In spite of the fact that the Senate’s action is overdue, progress even in measured steps is to be applauded. There is no doubt that the Saudi government has been playing both sides of the terrorist aisle for much too long, and the world community, much less the United States, has failed to hold the Saudis accountable for their diabolical, pro-Islamic behavior. What behavior?

Paul Marshal, writing for today’s Weekly Standard reports that the Saudis continue their serious abuses of any individuals who are not practicing Muslims. While the Crown Prince is out of the country making cozy with American officials, Saudi Religious Police have begun a crackdown against violations of Saudi religious law. In particular:

Saudis have arrested eight Christians from India and seized documents naming others. One of those arrested, Chittirical John Thomas, was pulled away from work and beaten in front of his five-year-old son. He is reportedly in the Shemaissy Detention Center.

This followed the March 22 arrest in the Batha area of Riyadh of Indian pastor Samkutty Varghese by the religious police, the muttawa, for not ending a cell phone conversation when the call for Muslim prayer went out. Rev. Varghese, who went to Saudi Arabia as a tourist in January, was apparently not aware of rules forbidding calls at such times. He is still being held, and there are reports that he has been sentenced to ten months in prison, as well as to a flogging.

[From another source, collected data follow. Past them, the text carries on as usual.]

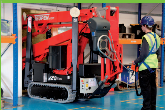
Kompaktné rozmery – možnosť prechodu cez dvere šírky 80 cm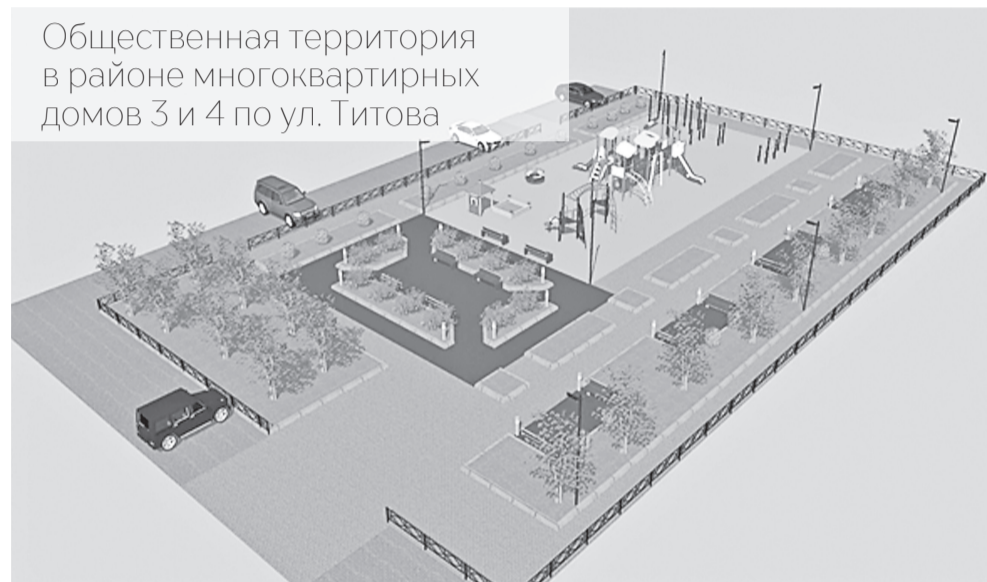
Общественная территория в районе многоквартирных домов 3 и 4 по ул. Титова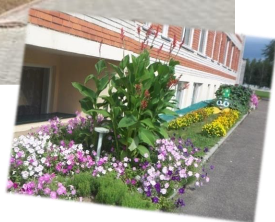
Красненскі Дом культуры, адміністрацыйны будынак Красненскага сельскага Савета і сельскагаспадарчага вытворчага кааператыва "Маяк-Заполле"

The muttawa were unusually busy while Crown Prince Abdullah was away in Texas visiting President Bush. On April 23, they arrested 40 Pakistani Christians who were engaged in a joint Catholic-Protestant meeting in a home. On April 29, they arrested five Christians from an Ethiopian and Eritrean group who had gathered for prayer.

Sources in Saudi Arabia believe that authorities there are using the information they have gathered from these raids in order to organize crackdowns elsewhere in the country. Saudi security officials are busily arresting people whose phone numbers were found in Rev. Varghese’s diary.

Despite the Saudis’ expressions of concern over press reports that U.S. officials at Guantanamo Bay desecrated Korans, their own security authorities have destroyed Bibles found among the victims’ possessions, just as they destroyed religious artifacts found in a raid on a makeshift Hindu shrine found in an apartment in Riyadh on March 24.

It is not only appropriate that the United States government begin to hold the Saudis accountable for state-sponsored and financed terrorist activities, it is also appropriate that we demand that all US officials halt their stomach-turning relationships with the Saudi royal family, including the President who publicly denounced state-sponsored terrorism as being in direct opposition to official US policy.

What we have to ask is this: following passage of the Saudi Arabia Accountability Act, will the Senate take more direct measures to rid Saudi sponsored terrorist organizations from the United States? Perhaps this is a question that each reader should address directly to their own congressional representatives — it only costs 37-cents.

XPost: Social Sense

One Response to “Holding the Saudis Accountable”

  1. Always On Watch Says:

    Finally, a step in the right direction!

    I am still awaiting a thorough investigation of Saudi-funded institutions on American soil, including the Islamic Saudi Academy and many mosques.